Agnes Braithwaite glared at her family, at her three small grandchildren sat around the Christmas tree amidst a sea of discarded wrapping-paper, at her son slouched across the sofa with a vaguely disinterested expression on his face, at her daughter-in-law hovering over her offspring with her camcorder.
“Hello!” she called out, knowing her words wouldn't be heard. “Isn't it about time one of you noticed I've died?”
She gestured towards her corpse, still slumped in the armchair by the radiator as it had been for nearly an hour. She saw her face, or rather the face of the body she'd once occupied, had become distinctly pale, its eyes closed, mouth open, a stream of drool dribbling down her chin. She could understand how they might not have noticed for the first ten or fifteen minutes after her passing – it had, after all, been an oddly swift and silent demise – but after nearly sixty minutes the body appeared unmistakably lifeless.
“What have you got there, Louis?” her daughter-in-law cooed at her youngest child as he tore open the gift Agnes had so carefully wrapped for him.

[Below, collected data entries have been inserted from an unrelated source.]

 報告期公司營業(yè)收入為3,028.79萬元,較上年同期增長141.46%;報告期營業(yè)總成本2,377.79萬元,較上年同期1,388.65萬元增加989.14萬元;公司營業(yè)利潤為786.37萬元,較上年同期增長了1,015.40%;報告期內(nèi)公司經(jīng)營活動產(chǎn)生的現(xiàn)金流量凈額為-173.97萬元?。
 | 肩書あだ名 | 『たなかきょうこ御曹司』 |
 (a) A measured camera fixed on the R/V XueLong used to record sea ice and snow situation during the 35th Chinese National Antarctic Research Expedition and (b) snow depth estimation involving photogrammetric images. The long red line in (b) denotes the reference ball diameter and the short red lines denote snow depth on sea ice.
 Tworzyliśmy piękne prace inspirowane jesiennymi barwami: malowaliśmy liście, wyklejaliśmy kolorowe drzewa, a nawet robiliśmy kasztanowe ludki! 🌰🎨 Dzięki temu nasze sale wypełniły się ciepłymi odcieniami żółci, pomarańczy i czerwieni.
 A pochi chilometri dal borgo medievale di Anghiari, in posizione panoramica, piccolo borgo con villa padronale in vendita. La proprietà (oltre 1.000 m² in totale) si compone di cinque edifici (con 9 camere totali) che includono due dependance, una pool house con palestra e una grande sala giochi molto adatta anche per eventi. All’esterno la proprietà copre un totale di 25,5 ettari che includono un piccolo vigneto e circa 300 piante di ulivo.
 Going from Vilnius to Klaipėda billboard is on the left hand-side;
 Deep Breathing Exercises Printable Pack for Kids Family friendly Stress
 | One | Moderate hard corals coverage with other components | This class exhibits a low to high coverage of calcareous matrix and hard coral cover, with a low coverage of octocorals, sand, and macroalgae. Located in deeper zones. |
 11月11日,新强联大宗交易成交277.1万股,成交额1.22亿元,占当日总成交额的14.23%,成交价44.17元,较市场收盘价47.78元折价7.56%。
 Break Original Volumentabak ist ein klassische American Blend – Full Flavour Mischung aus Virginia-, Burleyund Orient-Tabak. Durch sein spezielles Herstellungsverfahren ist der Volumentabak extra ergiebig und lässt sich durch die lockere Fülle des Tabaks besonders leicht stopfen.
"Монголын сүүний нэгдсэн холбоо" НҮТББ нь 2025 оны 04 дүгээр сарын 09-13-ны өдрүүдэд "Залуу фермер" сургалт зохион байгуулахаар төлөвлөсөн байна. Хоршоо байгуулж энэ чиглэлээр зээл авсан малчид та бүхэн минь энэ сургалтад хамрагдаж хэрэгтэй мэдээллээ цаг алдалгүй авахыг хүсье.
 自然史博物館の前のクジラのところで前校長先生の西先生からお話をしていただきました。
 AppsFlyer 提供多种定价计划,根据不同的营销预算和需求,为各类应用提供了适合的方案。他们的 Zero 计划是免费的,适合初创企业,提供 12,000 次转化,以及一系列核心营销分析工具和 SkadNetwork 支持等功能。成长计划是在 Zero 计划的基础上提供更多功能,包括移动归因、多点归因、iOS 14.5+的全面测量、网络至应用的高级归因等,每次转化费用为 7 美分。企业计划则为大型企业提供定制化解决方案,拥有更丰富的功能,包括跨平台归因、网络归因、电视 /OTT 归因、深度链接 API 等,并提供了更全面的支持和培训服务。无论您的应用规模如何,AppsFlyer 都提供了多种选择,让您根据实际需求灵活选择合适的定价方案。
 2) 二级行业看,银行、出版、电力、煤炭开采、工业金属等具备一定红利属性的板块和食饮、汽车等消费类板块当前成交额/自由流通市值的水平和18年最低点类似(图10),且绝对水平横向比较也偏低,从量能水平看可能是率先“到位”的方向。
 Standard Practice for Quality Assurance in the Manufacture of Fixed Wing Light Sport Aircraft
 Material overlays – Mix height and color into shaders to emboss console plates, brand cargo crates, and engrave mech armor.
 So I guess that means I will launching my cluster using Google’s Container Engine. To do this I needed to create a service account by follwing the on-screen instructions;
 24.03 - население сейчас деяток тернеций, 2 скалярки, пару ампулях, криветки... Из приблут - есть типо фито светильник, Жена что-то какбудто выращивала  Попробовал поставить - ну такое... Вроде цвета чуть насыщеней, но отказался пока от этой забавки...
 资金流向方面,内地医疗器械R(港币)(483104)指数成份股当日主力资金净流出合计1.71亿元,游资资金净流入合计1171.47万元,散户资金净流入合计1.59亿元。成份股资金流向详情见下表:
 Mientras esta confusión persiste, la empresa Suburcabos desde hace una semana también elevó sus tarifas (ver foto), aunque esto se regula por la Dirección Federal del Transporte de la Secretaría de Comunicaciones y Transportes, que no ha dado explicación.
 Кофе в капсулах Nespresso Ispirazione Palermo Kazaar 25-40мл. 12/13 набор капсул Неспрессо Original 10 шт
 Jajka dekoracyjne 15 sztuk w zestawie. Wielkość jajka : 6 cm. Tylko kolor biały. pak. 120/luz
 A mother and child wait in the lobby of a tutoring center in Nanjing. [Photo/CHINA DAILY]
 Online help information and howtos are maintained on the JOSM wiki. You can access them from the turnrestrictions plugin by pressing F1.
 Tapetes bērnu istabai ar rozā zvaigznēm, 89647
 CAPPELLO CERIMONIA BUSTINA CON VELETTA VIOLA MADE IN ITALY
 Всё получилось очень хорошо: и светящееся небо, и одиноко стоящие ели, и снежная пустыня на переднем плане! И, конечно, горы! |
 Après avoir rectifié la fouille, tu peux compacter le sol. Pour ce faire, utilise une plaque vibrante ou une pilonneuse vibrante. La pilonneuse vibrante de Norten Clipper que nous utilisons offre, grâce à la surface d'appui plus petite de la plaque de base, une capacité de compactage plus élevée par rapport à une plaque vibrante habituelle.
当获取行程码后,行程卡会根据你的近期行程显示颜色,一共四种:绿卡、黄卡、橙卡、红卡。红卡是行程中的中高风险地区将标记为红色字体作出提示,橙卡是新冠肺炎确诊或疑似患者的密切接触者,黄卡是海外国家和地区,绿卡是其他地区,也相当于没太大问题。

“Choccies!” the three-year-old exclaimed gleefully as the box emerged from the packaging.
“Who's a lucky boy then?” Carol sang at her son.
“Drippy tart,” Agnes groaned, rolling her eyes.
“What do you say to Granny?”
“Thank you, Granny,” Louis gurgled without looking around, stuffing a piece of chocolate into his mouth as he spoke.
“Just don't choke on it, dear,” Agnes retorted. “Around here it could be days before they notice you're dead.”
She could understand how her grandchildren might not have noticed she'd died. Even if they hadn't been captivated by the mountain of presents in front of them, the oldest was only seven and none of them were particularly bright. However, her son, sat just three feet away from her, had asked her three distinct questions since she'd died and seemed thoroughly unperturbed by her lack of response, while her daughter-in-law had glanced at her, grinning foolishly, more than a dozen times. How neither of them realised that they were in the company of a corpse was beyond her.
“Do you think we should give Granny one of her presents?” Carol suggested to her children as Louis lunged for yet another neatly wrapped parcel.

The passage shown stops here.